What - Still no kittens??
You poor thing and the poor cat - it's horrible being overdue!

Emily


----------



## Selk67U2 (May 5, 2008)

*I was hoping to log in a find some kitten arrival news*


----------



## Schimmel (May 17, 2008)

Still nothing???????????? Is she showing ANY signs at all?


----------



## Biawhiska (Mar 28, 2008)

It's all quiet, pehaps it's happening now.


----------



## nickiniknik (May 18, 2008)

OOOO do u think ???? getting all excited now........hope thats the case .... woohoo !!!! lol


----------



## Sinspearian (May 21, 2008)

I feel bad, no kittens yet.

Yes she has shown signs, more mucus and didn't settle at all last night.... again So I stroked her to relax her, her tummy tensed a few times.. only to realise it was her passing wind >.>

believe me that wasn't a nice smell 

She still seems frustrated, I'm worried she doesn't know what to do  Will it come to her naturally?


----------



## Selk67U2 (May 5, 2008)

*Do you know exactly when they were due hun ? They can be in labour a long time, but if you think she's getting distressed, it would'nt hurt to get some advice from the vet*


----------



## Sinspearian (May 21, 2008)

I don't know exactly, but she is showing signs of giving birth, she doesn't seem distressed as such, only frustrated when the kittens are active in her tummy etc... I'm just worried as I've seen a cat give birth and know generally what to expect just before, and she seems to be doing everything else but not giving birth lol 

I really am trying to keep her from going to the vets because I really don't want to stress her out. And as our vets is tiny and always packed I doubt I would get a appointment until the end of the week.. And it might not be a emergency just me being over protective again >.<

Edit: I am really stuck as to what to do, I have the vets number ready, but will I be wasting his time with being a silly over-protective cat mummy?


----------



## Biawhiska (Mar 28, 2008)

PHONE THE VET! just for their advice, that is what they are there for


----------



## Schimmel (May 17, 2008)

Despite what you feel about the vet not being able to fit you until the end of the week, I think you will find if you phone them and explain the situation that they will see her. 

The problem is that you don't know the due date and that is where it's difficult. Especially if she isn't "officially" due until Friday for example in which case there would be no need to take her. 

If it were me, I'd be phoning the vets, telling them what is going on, and then take their advice. It's all you can do really.


----------



## Selk67U2 (May 5, 2008)

*Yea, same advice from me too, if they are like my vets, they will be happy to advise on the phone and go from there*


----------



## Biawhiska (Mar 28, 2008)

Same with me too  Let us know what they say!!!


----------



## Sinspearian (May 21, 2008)

I haven't phoned them as of yet. But I have a update tell me what you think.

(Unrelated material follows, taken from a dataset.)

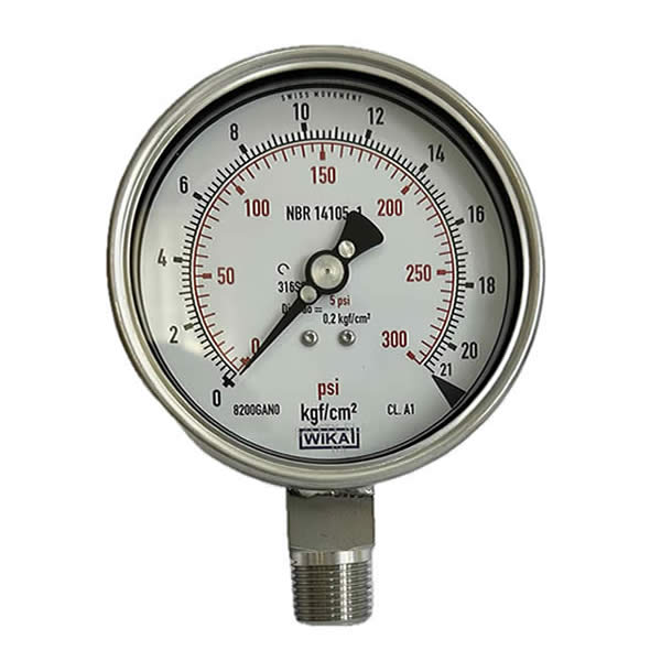 Manômetro 100mm, ligação vertical, escala dupla 300 psi x 21 kgf / cm², caixa em aço inox com anel baioneta, internos em inox, com enchimento de glicerina, classe de exatidão A1, conexão ½ npt, Wika.

I was stroking her on the bed and as she moved there was a little wet patch, clear fluid, not a lot, like a spot of fluid but a couple of spots, Is she ok?

I'm going downstairs now so if the phone is free I will call the vets.

Edit: Just to be sure it was her I wiped her with some tissue and there was more on the tissue, so it is her


----------



## Emstarz (May 20, 2008)

Schimmel said:


> Despite what you feel about the vet not being able to fit you until the end of the week, I think you will find if you phone them and explain the situation that they will see her.
> 
> If it were me, I'd be phoning the vets, telling them what is going on, and then take their advice. It's all you can do really.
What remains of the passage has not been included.